What unites these innovations is a focus on results. These efforts require initiative, innovation, resilience and an ability to work across all sectors. We know that government, business and civic society cannot solve these problems alone. Collaboration and innovative thinking is required across the board. And universities can lead the way.

Change -- in any realm -- requires an entrepreneurial mindset as well as a systematic approach to address some of our most entrenched problems. This is especially important during a time when emerging economies hope to raise living standards even as growth slows. Europe is pursuing austerity measures and our own country is cutting funding for social services, education and job training. We need to have systems in place to counteract this trend and find more creative approaches that lead to real, measurable impact.
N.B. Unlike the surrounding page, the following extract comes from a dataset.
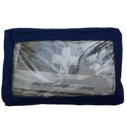 Elsősegély nyújtáshoz használatos, kompletizálva az MSZ 13553 szabvány és az 50/2009 (IX.30.) KHE-rendelet szerint.

To accomplish this, we will need skills from all sectors -- from civil society, which understands how communities work; from the business sector to help find and fund more scalable solutions; from the technology industry, which can develop tools to better reach disconnected groups; and from government, which has a legal and moral imperative to improve outcomes for all its citizens.

Georgetown and the Beeck Center now have the opportunity to create rigorous research tools to help shape and define the field of social innovation. We want to provide students the experiential- and skills-based learning that will make them effective change-makers, no matter what field they enter into.

Universities invest in people in a unique and sustaining way. We want to provide future generations with not only new tools and skills, but also the empathy to positively impact the world around them. With their obligation to further the public good, universities like Georgetown can and will help lead the way.

Thomas Edison once said that the light bulb was an invention "with 1,000 steps." The creation of the Beeck Center for Social Impact & Innovation at Georgetown is the first of many steps.

Sonal Shah, former director of the first White House Office of Social Innovation and Civic Participation, has just been named executive director of Georgetown's new Beeck Center for Social Impact & Innovation, opening Feb. 11, 2014.